He also said via email that the order won’t affect what Elko County is now doing.

“In a nutshell, it probably won’t change what we are doing too much because the issues that need addressed won’t be changing any time soon, but it could actually be helpful in focusing our efforts more effectively,” Donham said.

He said, however, “it could change things a bit due to the fact it will ultimately increase the level of collaboration and coordination with counties, federal and state agencies and stakeholders.”

Stakeholders will include organizations or individuals representing sportsmen’s groups, conservation and environmental protection, farming and ranching, private landowners, rural communities, native tribal communities, outdoor recreation, real estate developers, transportation, mineral and renewal energy developers and linear infrastructure entities, Donham said.

“By increasing the level of collaboration, particularly with counties and local stakeholders, there may be ways to improve what we are currently doing,” he said.

The current state plan is the 2014 Nevada Greater Sage-Grouse Conservation Plan. The Sagebrush Ecosystem Council and the Sagebrush Ecosystem Technical Team were formed in response to an executive order by then-Gov.

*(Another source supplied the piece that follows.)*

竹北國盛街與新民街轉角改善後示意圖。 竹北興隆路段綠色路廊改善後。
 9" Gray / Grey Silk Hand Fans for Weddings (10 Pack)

Brian Sandoval.

Elko County Commissioners on Oct. 6 also voted to support a letter Lincoln County Commissioners sent to Sisolak on Sept. 7 urging him to rescind the framework order, and the Elko County letter says commissioners “echo those concerns.”

“I don’t think Lincoln County is out of place” writing the letter to the governor, Buzzetti said in public comment, reporting that Lincoln County still hasn’t heard back from Sisolak.

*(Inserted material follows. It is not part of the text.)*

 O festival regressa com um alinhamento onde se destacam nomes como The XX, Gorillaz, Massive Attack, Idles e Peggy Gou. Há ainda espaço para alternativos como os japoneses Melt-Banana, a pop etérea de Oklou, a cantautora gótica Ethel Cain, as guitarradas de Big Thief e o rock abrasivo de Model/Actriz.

Lincoln County Commissioners stated that they were concerned over the executive order that gives direction and power to NDOW and is “troublesome to use and in direct conflict with current Nevada law.”

Lincoln County’s commissioners wrote that the direction to establish the Nevada Habitat Conservation Framework “flies directly in the face of the statute that creates, empowers and directs the Nevada Sagebrush Ecosystem Program to do this work (which is already done but the state has neglected to fund to any adequate degree.) We have endorsed and supported the efforts of the Sagebrush Ecosystem Council and the work of the program to benefit sagebrush obligate species.”

The Elko County letter also urges predator control for sage grouse conservation. Commissioner Cliff Eklund told commissioners there is nothing said in the order about predator control.

“Ravens are the biggest predators to sage grouse, and the coyote population used to be kept under control,” Eklund said.

The Elko County letter states that NDOW “would better serve the people of Nevada by helping study and prevent observed problems like raven predation on sage grouse nests. Raven density is widely recognized as one of the key factors in the decline of the sage grouse. Other initiatives like the conservation credit system need to be given time to work without the meddling of agencies working outside their statutory authority.”

In addition, the letter states that “we would like to point out that NDOW’s efforts to conserve Nevada’s game species have a real and lasting impact on rural economies,” and the letter includes a graph that shows “an alarming decline in hunter success, attributed to the decline in Nevada’s mule deer herd.”

Elko County’s letter cites a 2019 University of Nevada, Reno report showing that more than $500,000 was added to the county’s economy through hunting and fishing, and a hunter’s success is one factor in a hunter’s decision of how much they are willing to pay to pursue game in a particular area.

“So, the decline of hunter success in a remote county like Elko is particularly concerning,” the letter states.